Content starts

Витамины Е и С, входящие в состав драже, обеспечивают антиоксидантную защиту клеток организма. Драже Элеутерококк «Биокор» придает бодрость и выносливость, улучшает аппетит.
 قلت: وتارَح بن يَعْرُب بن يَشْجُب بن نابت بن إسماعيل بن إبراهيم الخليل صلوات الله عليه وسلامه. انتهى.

Content ends
Content starts

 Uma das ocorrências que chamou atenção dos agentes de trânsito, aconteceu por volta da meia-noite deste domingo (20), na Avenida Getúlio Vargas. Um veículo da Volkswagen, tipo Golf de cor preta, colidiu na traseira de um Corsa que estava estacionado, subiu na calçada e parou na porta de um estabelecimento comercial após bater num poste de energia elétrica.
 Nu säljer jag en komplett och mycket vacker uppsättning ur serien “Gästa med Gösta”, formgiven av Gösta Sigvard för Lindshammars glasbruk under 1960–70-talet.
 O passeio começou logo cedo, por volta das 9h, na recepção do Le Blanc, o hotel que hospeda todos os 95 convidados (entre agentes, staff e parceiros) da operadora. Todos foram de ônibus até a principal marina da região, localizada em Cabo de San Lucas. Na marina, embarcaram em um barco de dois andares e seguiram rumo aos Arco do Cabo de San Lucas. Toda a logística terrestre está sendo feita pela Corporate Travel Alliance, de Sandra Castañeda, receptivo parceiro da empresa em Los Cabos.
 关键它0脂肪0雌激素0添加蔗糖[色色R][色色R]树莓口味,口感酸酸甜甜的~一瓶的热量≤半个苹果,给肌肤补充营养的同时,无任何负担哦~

Content ends

REQUIREMENT: Tally the lines in the listing that contain the string "agentes", then report that tally alone.

TASK OUTPUT: 2